- **WHAT YOU SHOULD DO**: Exactly the lines from the beginning of the listing below through the line that contains "- Relógio masculino" should be transcribed, and pictures must stay out.

- **INFORMATION SHOWN**:
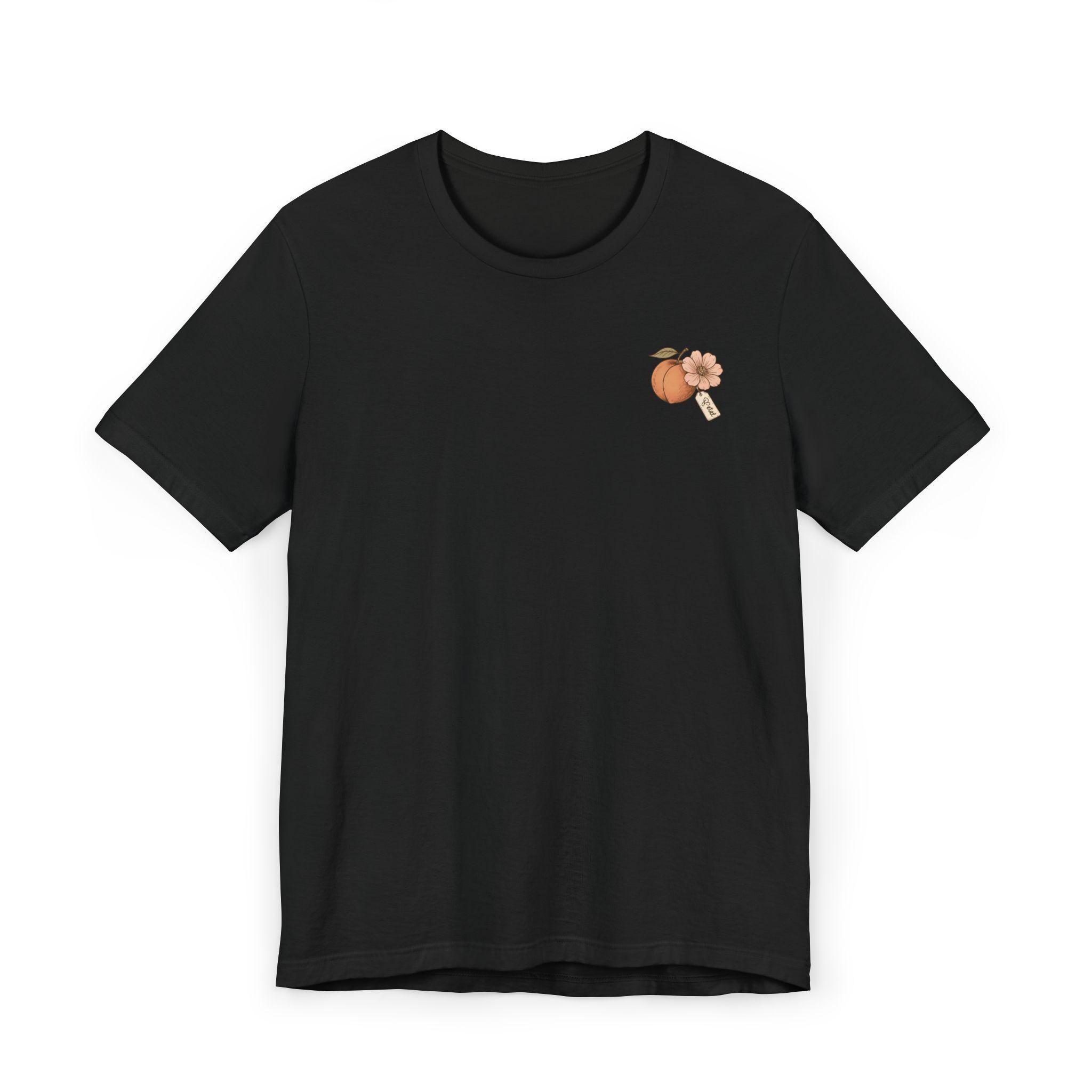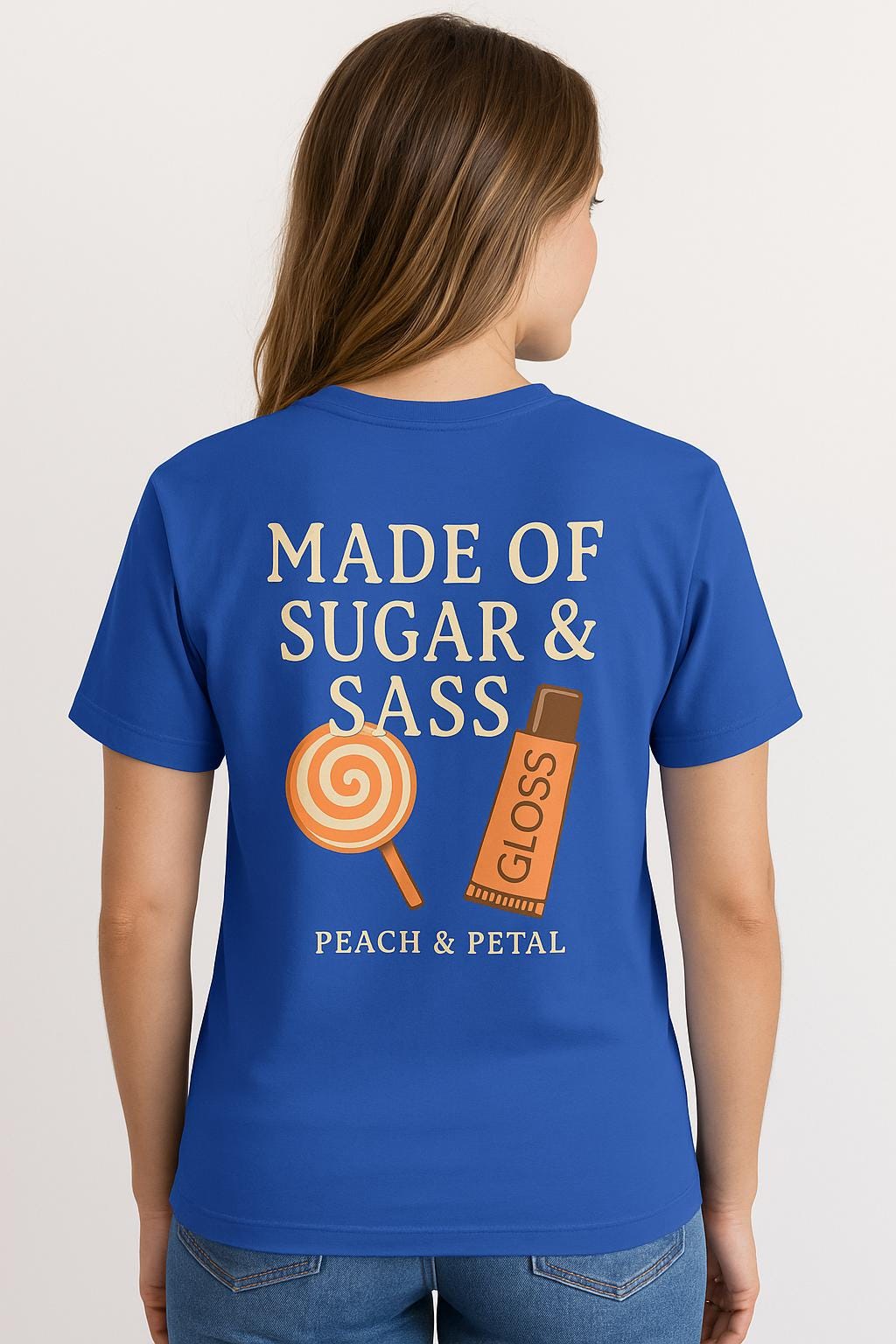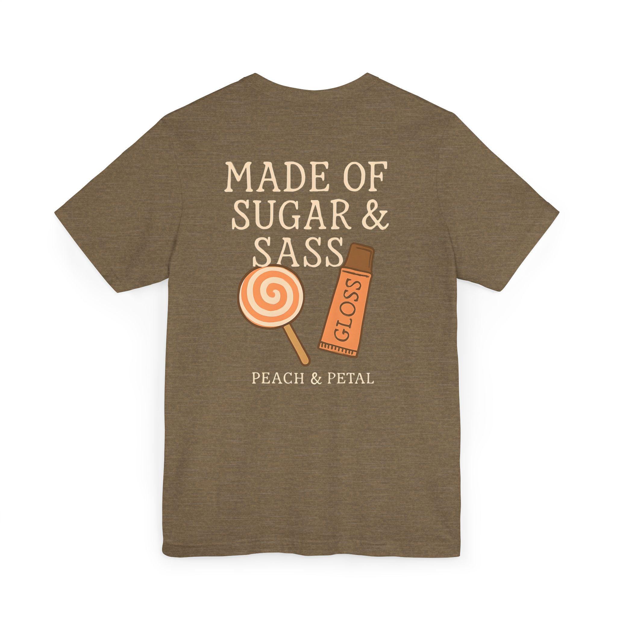 This Made of Sugar & Sass tee from the Peach & Petal Collection features a retro lollipop and lip gloss graphic on the back and our signature peach logo on the chest. It’s soft, bold, and totally adorable.
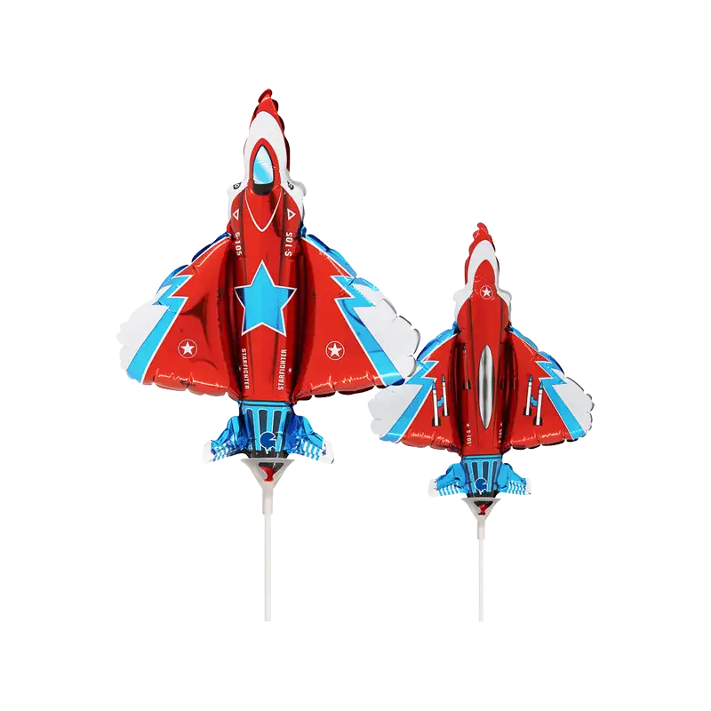 鮮やかなレッドとブルーの配色が目を引く、スターファイター(戦闘用宇宙船)のバルーンです。ヘリウムを入れても浮きません。
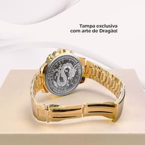 - Relógio masculino analógico Orizom Spaceman Dragon banhado a ouro, com mostrador preto e tampa blindada exclusiva de dragão
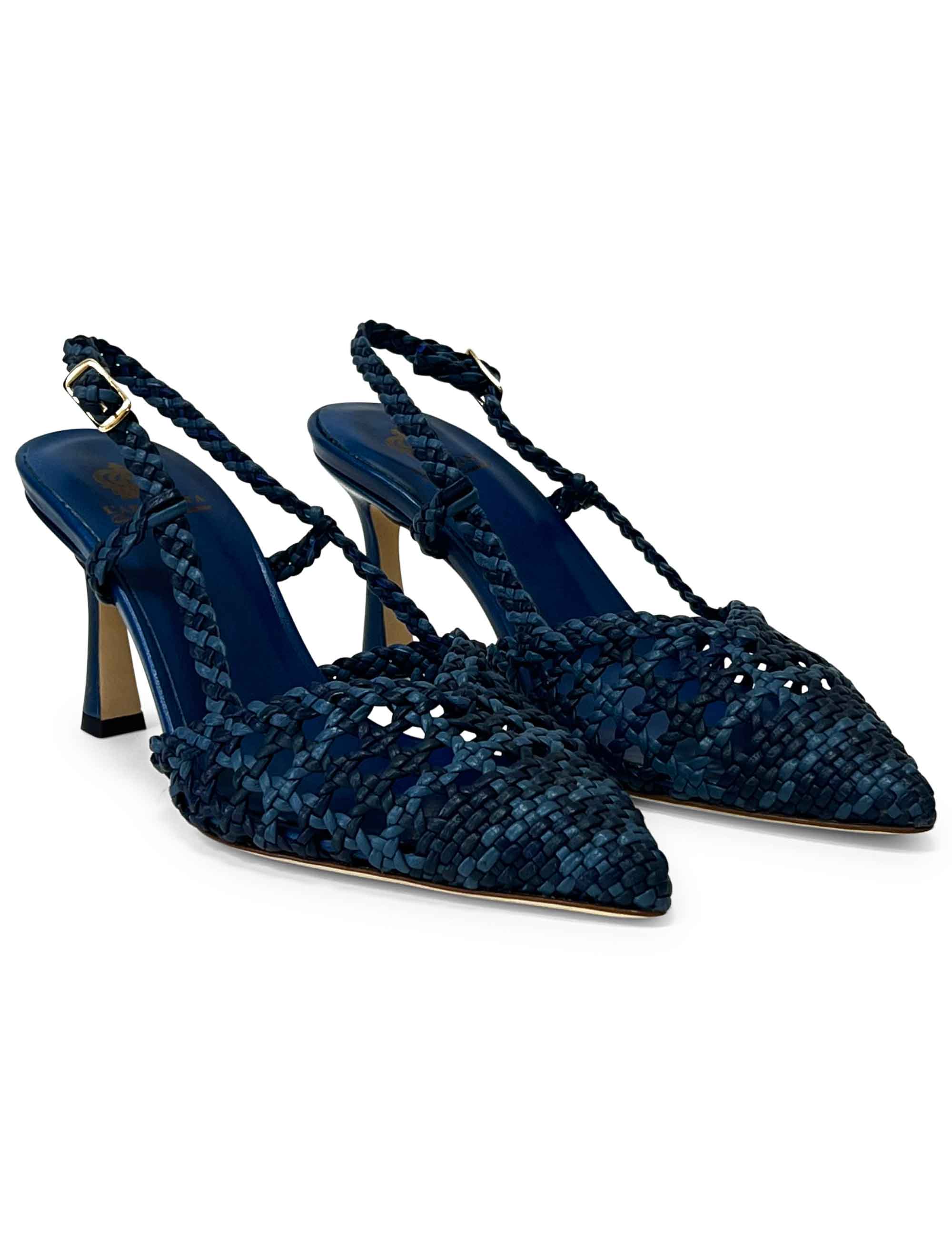 Décolleté slingback da donna in pregiato intreccio di pelle color Multi Jeans, elegante e versatile. Un modello femminile e confortevole, ideale per completare look quotidiani o outfit più ricercati.

- **RESULT OF THE EXERCISE**:
 This Made of Sugar & Sass tee from the Peach & Petal Collection features a retro lollipop and lip gloss graphic on the back and our signature peach logo on the chest. It’s soft, bold, and totally adorable.
 鮮やかなレッドとブルーの配色が目を引く、スターファイター(戦闘用宇宙船)のバルーンです。ヘリウムを入れても浮きません。
 - Relógio masculino analógico Orizom Spaceman Dragon banhado a ouro, com mostrador preto e tampa blindada exclusiva de dragão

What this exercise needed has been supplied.